His Eduardo smiles and holds out a hand.
“I’m Harriet, Mark’s day nurse,” she introduces herself, shaking his offered hand. “Do you guys want to come through? I’ve got your room all ready for you.”
“Sure.”
They follow Harriet down a brightly lit corridor. The walls are painted pale, summer flower yellow, and each wall panel is teeming with posters and leaflets that are spattered with positive mantras and are advertising support groups for every type of cancer imaginable. In one room off the corridor, Eduardo sees three or four teenage boys and girls ‘wired up’, sitting in reclining chairs, all gazing at a television that stands at one end of the room. In another he sees a worn old man lying asleep on his bed, a heart monitor beeping rhythmically. A third room is full of armchairs and coffee stables covered in magazines; a lone woman sits there staring blankly at the wall. It is all vaguely depressing. It smells like illness.
“Here we go,” Harriet says cheerily, holding the door open to a plush private room with a wide window that overlooks the city. Eduardo forgets sometimes that Mark is a billionaire. Not everyone with leukemia, he realises, gets this kind of treatment.
“I’ll leave you to get settled in, Mark, and when I get back we’ll get started. Okay?”
Mark nods. He is staring out of the window, his eyes glassed over in some kind of daze.
“Thank you,” Eduardo says to Harriet, who smiles and leaves.
“You okay, Mark?” he asks, going over to him.
“Yes.” He turns to Eduardo. “This is going to be unpleasant. Are you sure you want to stick around?”
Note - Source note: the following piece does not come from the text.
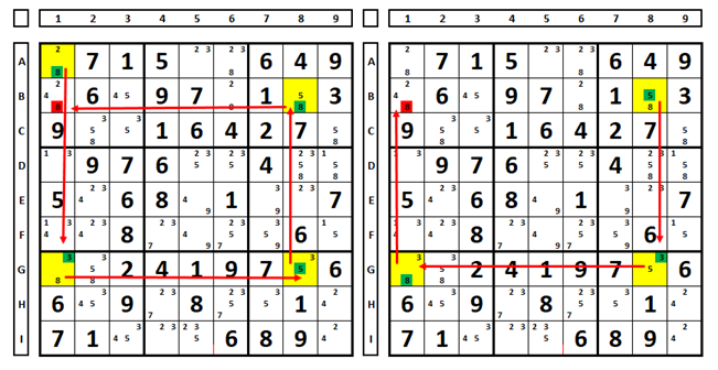 Forcing chains testa o que ocorre em outras células quando escolhe-se um número ou outro como solução do Sudoku na célula em teste. Nas células alvo pode-se encontrar números que são solução do Sudoku e números que podem ser excluídos. Alguns autores chamam uma regra derivada de “The Dual Forcing Chain” (A corrente de força dupla), que é semelhante, apenas opera com um par bloqueado onde as extremidades enxergam duas célula bi-valor, com o mesmo par de números. No Sudoku parcial abaixo, qualquer escolha na célula A1 força a eliminação do número “A” em C1.
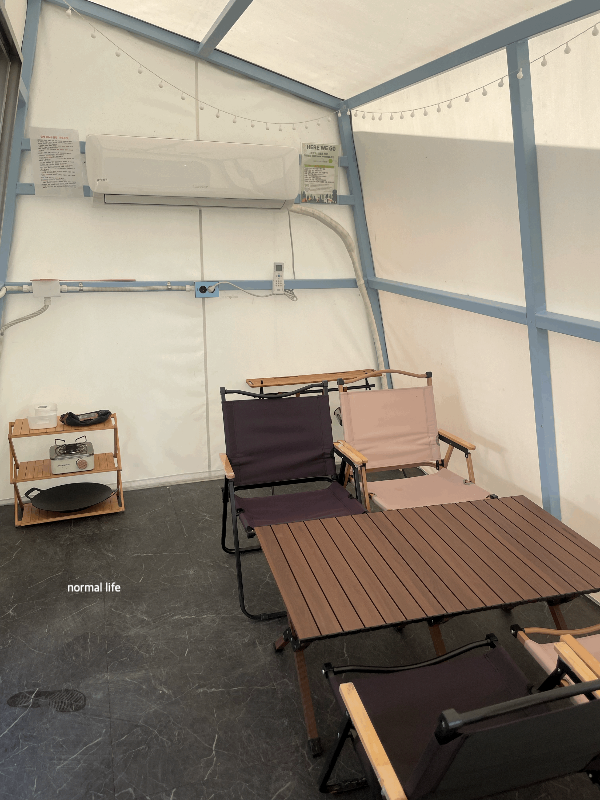 무더운 여름이었지만 에어컨이 있어 시원한 텐트 안에서 더위를 피할 수 있었다. 냉난방기가 준비되어 있어 더위와 추위에도 쾌적한 캠핑을 즐길 수 있다. 캠핑 의자, 테이블, 바베큐 그릴이 야외에 준비되어 있고, 텐트 안에도 그릴, 버너, 4인 테이블이 준비되어 있다.

Eduardo reaches out and rests a hand against the side of Mark’s face. He doesn’t move away; he doesn’t even flinch. This is not the Mark that Eduardo knows so well; this is someone softer and more gentle and nervous and maybe even a little shy. He is more accepting of Eduardo now than he ever was before. Is it time that has allowed this? Is it the fact that Mark has grown up a bit now? Perhaps it is because he is sick and needs some reassuring that somebody cares about it. Eduardo doesn’t know. All he knows is that he is willing to offer it - to give Mark anything he needs. He is willing to be whatever he needs.
“Are you scared?” Eduardo asks softly.
Mark’s body stiffens and he closes his eyes and steps back, turning away.
“No,” he says, and he is suddenly there, the icy, elusive Mark who shuts Eduardo out, who has shut him out for years.
And Eduardo knows that he is lying, but that is okay. If Mark needs someone to lie to, he can be that person. If Mark needs someone to be cold and cruel to, that is fine. Eduardo can do that. And when Mark needs someone to hold his hand, even for just a single moment of weakness, then great. Eduardo can be that person, too.